By JUDY SIEGEL-ITZKOVICH
Israel's leading sleep medicine expert, Prof. Peretz Lavie, says the time is ripe for a major change in the way sleep medicine is practiced. Instead of beginning after the age of 50, as is the current practice, it should begin from the age of 25 or 30. This should particularly include people diagnosed with apnea, a condition in which sufferers momentarily stop breathing many times during sleep.
In a major article in the April 15 issue of the Journal of Clinical Sleep Medicine, (www.aasmnet.org/JCSM), Lavie of the Technion-Israel Institute of Technology's Rappaport School of Medicine explains that sleep apnea, most common in the overweight and obese, can lead to premature death from heart disease and stroke, but that this is preventible with early diagnosis and treatment.
Recently accumulated knowledge about the pathophysiology of cardiovascular diseases result from sleep apnea, he adds, requires significant changes to cope with a reorganization of the medical specialty.
He said that because of the shortage of sleep specialists and sleep clinics around the world and the gap between their numbers and the prevalence of sleep apnea in the general population, an alliance between sleep medicine and family practitioners is required.
In the US alone, some two million people are monitored with electrophysiological and electroencephalographic devices during sleep in nearly over 1,300 sleep clinics each year.
"This is undoubtedly explained by the growing awareness of obstructive sleep apnea syndrome and its profound impact on patients‚ quality of life and health," Lavie noted.

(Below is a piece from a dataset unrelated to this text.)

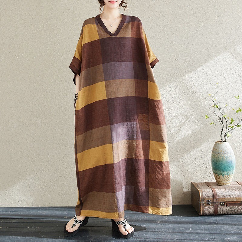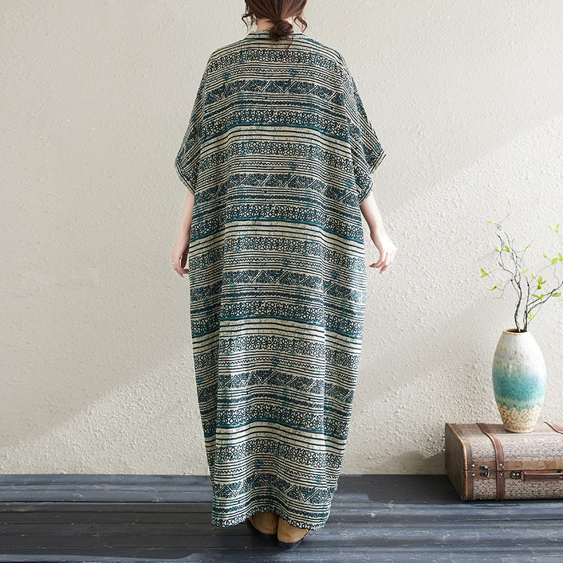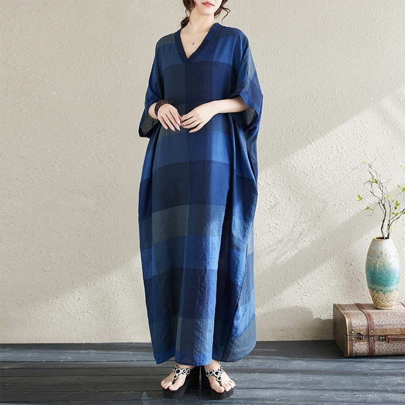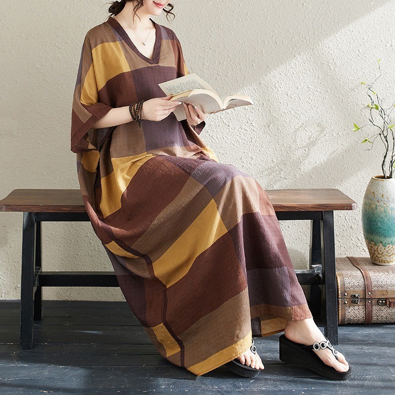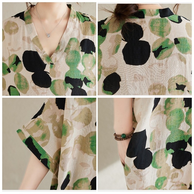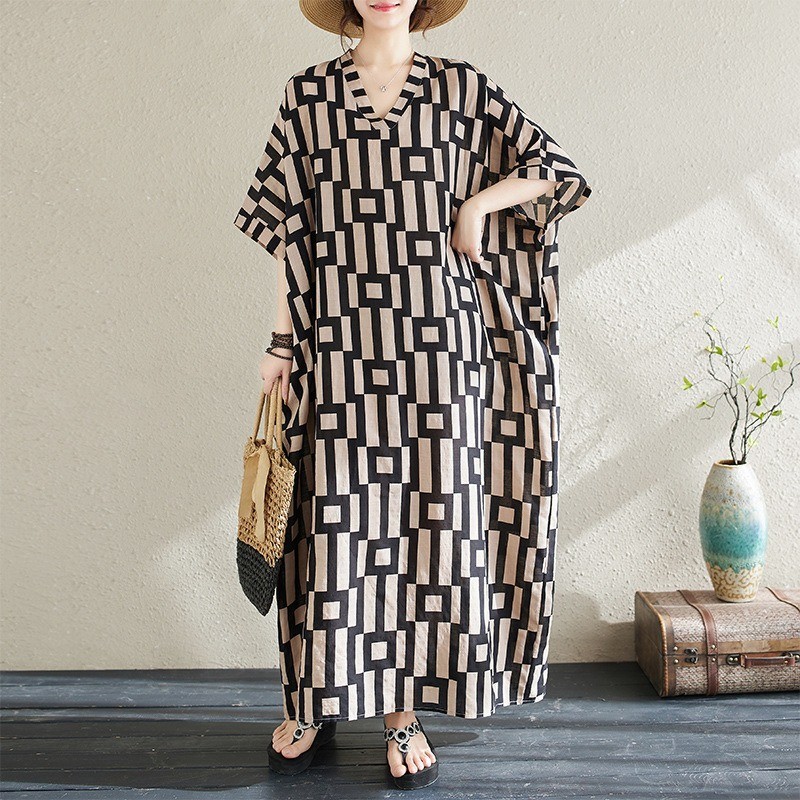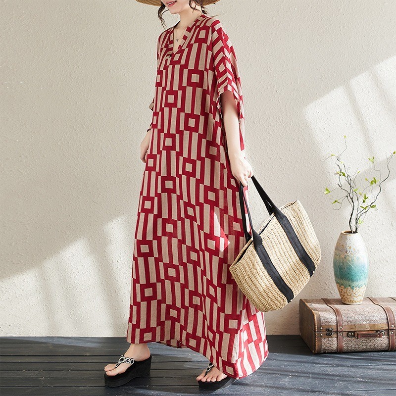 Đầm Maxi Nữ Mùa Hè 3 / 4 Tay Vải Lanh Cotton Oversize In Hoa Đi Biển Ngày Lễ Cổ Chữ V Dài
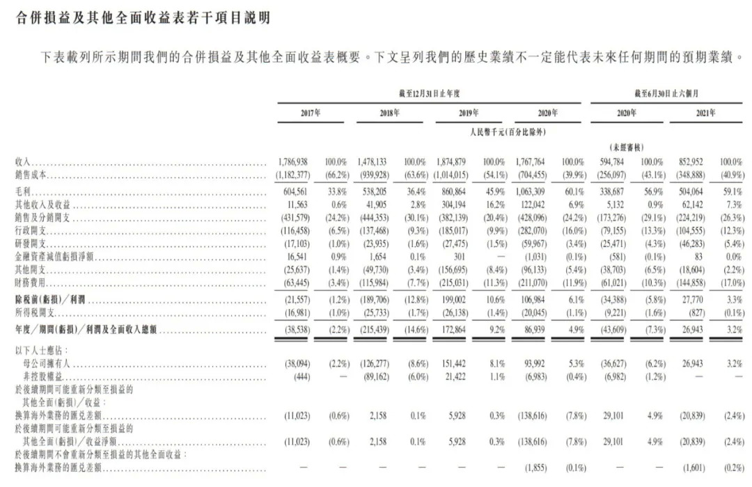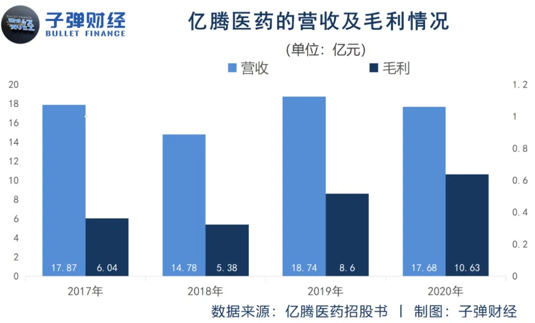 招股書顯示,億騰醫(yī)藥2017年、2018年、2019年、2020年營收分別為17.87億元、14.78億元、18.74億元、17.68億元;毛利分別為6.04億元、5.38億元、8.6億元、10.63億元。

Sleep apnea affects, in at least moderate form, one in 10 men and one in 25 women. For people over the age of 60 and in certain high-risk populations, such as obese people or habitual snorers, there are more people with breathing disorders during sleep than without.
Because of the importance of irregular breathing in sleep disorders, the majority of diagnostic sleep lab directors are pulmonologists (lung experts) rather than neurologists, psychiatrists and psychologists (including Lavie) who were in charge in the 1970s and 1980s.
If the patient is judged by the attending technician to suffer from breathing disorders during sleep that are above a threshold severity, the second half of the night is used to determine the appropriate air pressure for nasal continuous positive airway pressure (CPAP) treatment. This treatment, in which air is forced into the patient's lungs while sleeping, is prescribed for most patients with moderate to severe forms of breathing disorders during sleep. But Lavie noted that the standard one-night monitoring session is not enough, and evaluation of the results of CPAP is rarely done.
"A diagnosis of sleep apnea at the age of 50 may be delayed by 10 to 20 years from the time patients first display breathing disorders in sleep. This delay may be crucial because, during that time, there is an accumulated damage to the cardiovascular system," Lavie writes. "To prevent this damage, the diagnosis and treatment of breathing disorders in sleep should be done at the earliest age possible. Thus, there is an urgent need to lower the age of diagnosis from age 50 to between 25 and 30."
Family doctors must be trained in the essentials of sleep medicine, particularly in sleep apnea and in its treatment, he concludes, and to identify people with a high likelihood of having sleep-disordered breathing. He also notes that sleep medicine studies must be boosted in medical schools, which typically devote only a few hours to the subject during doctors‚ medical educations.